Tidy Asset Pricing - Part I: The CRSP Sample in R

Update 2022-02-11: check out our new book Tidy Finance with R for an updated and improved implementation of the content below.

As a newbie to the empirical asset pricing literature, I found it quite hard to fully grasp how results come about solely relying on the data descriptions in the corresponding papers. Fortunately, Bali, Engle and Murray (BEM) provide an excellent textbook that not only provides a comprehensive overview of the empirical research on the cross-section of expected returns, but also offers detailed description of common practices in sample construction and methodology.
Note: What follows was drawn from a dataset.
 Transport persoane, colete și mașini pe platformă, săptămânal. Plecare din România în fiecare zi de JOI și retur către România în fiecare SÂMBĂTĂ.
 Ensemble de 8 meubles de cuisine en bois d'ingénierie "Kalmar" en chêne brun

In this series of notes, I replicate the main results of their textbook in R. Moreover, I try to implement all analyses in a tidy manner using mainly packages beloning to the tidyverse family since it’s fun and fairly transparent.

In this first note I start out with the raw monthly CRSP data, compute some descriptive statistics and construct the main sample I use in later analyses. In the following notes, I use the constructed sample to investigate the size effect. As a start, here is the list of packages that I use throughout the note.
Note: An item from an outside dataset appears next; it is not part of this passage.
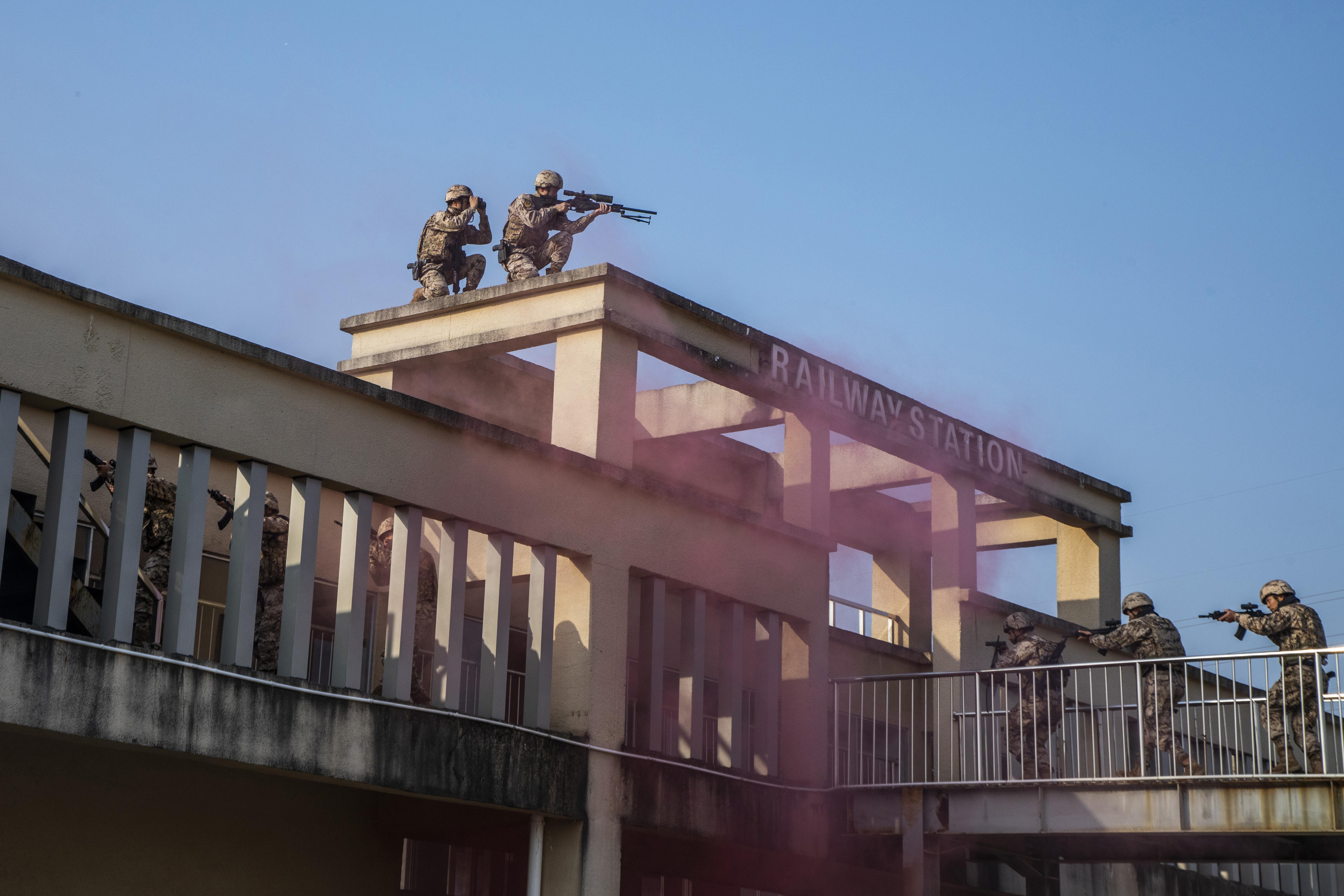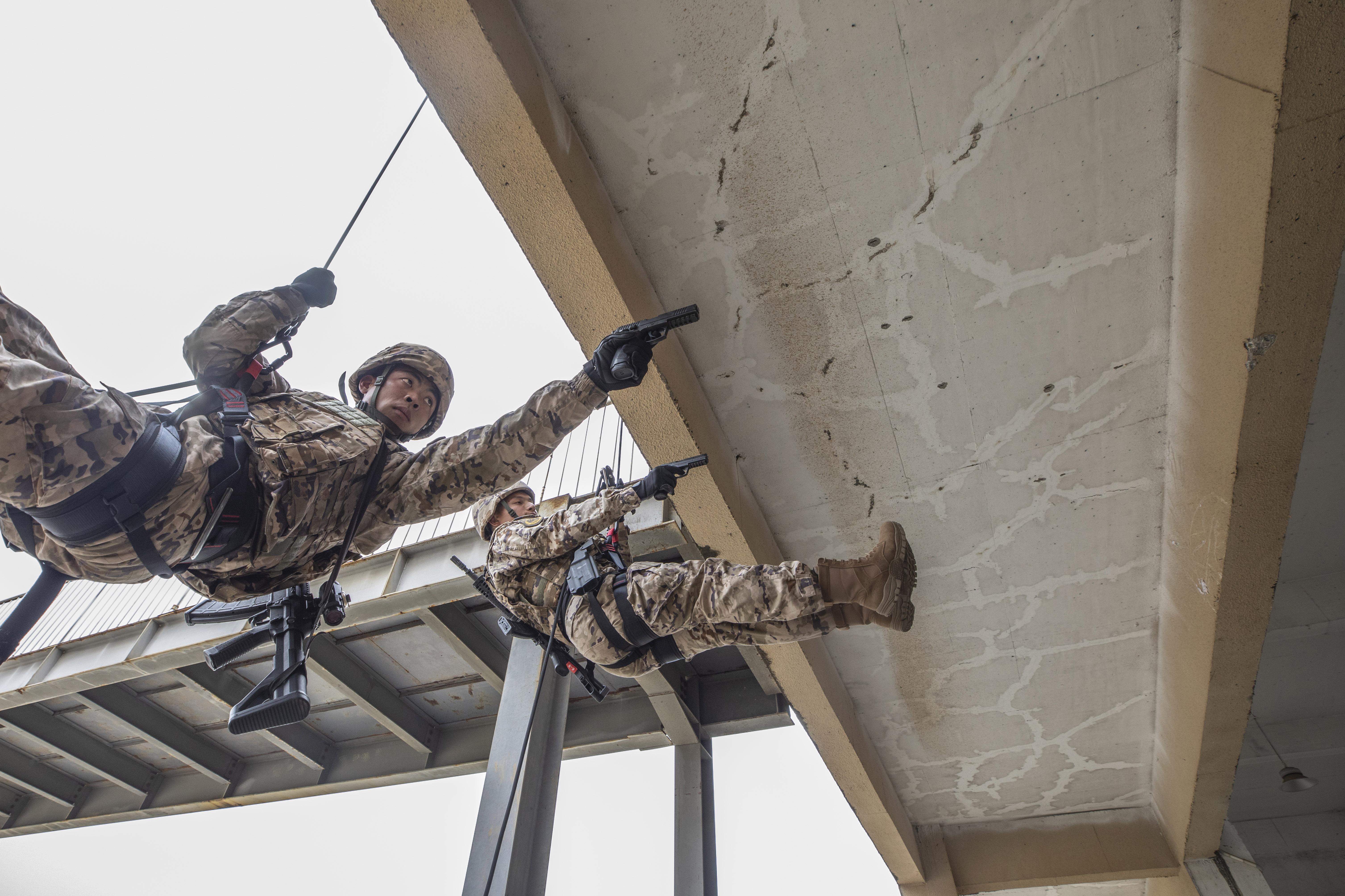 为提升应对城市街区恐怖袭击等突发事件的能力,近日,武警广西总队桂林支队在某模拟街区开展了一场实战化的反恐演练,全方位检验特战队员的综合素质和专业能力。

library(tidyverse) # for grammar
library(scales)    # for nicer axes of figures
library(viridis)   # for nicer colors in figures
library(vroom)     # for fast csv reading
library(lubridate) # for working with dates

I just downloaded the full monthly CRSP sample from WRDS. The full monthly CRSP sample from December 1925 until December 2019 has about 1.2GB. After reading in the data using the incredibly fast vroom package, I convert all column names to lower case out of a personal preference (alternatively, I could also use janitor::clean_names()). Note that I only read in the required columns and that I enforce the character format because I prefer to parse the column types correctly as a next step.

tbl.crsp_msf <- vroom("raw/crsp_msf.csv", 
                       col_types = cols(.default = col_character()),
                       col_select = c(PERMNO, date, RET, SHROUT, ALTPRC, 
                                      EXCHCD, SHRCD, SICCD, DLRET, DLSTCD))
colnames(tbl.crsp_msf) <- str_to_lower(colnames(tbl.crsp_msf))
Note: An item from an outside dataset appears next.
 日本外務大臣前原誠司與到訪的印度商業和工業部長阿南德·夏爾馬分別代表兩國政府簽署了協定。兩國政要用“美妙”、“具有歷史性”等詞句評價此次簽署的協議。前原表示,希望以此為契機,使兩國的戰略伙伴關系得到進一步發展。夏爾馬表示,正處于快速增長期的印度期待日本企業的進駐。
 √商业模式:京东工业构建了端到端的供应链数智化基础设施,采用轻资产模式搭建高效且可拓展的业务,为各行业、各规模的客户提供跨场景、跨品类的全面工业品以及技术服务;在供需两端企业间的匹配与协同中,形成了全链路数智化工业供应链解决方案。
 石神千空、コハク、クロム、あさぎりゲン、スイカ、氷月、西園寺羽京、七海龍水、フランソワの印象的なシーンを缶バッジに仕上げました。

Next, I make sure that all relevant variables are correctly parsed.

tbl.crsp_monthly <- tbl.crsp_msf %>%
  transmute(permno = as.integer(permno),       # security identifier
            date = ymd(date),                  # date of the observation
            month = floor_date(date, "month"), # month identifier
            ret = as.numeric(ret) * 100,       # return (in percent)
            shrout = as.numeric(shrout),       # shares outstanding (in thousands)
            altprc = as.numeric(altprc),       # last traded price in a month
            exchcd = as.integer(exchcd),       # exchange code
            shrcd = as.integer(shrcd),         # share code
            siccd = as.integer(siccd),         # industry code
            dlret = as.numeric(dlret) * 100,   # delisting return (in percent)
            dlstcd = as.integer(dlstcd)        # delisting code
  ) 
rm(tbl.crsp_msf)

As common in the literature, I focus on US-based common stocks in the CRSP database. US-based common stocks are identified with share codes 10 and 11, where the first digit pins down ordinary common shares and the second digit indicates that the secudity has not been further defined (0) or does not need to be further defined (1). I refer to the original CRSP documentation on a full description of the meaning of this distinction.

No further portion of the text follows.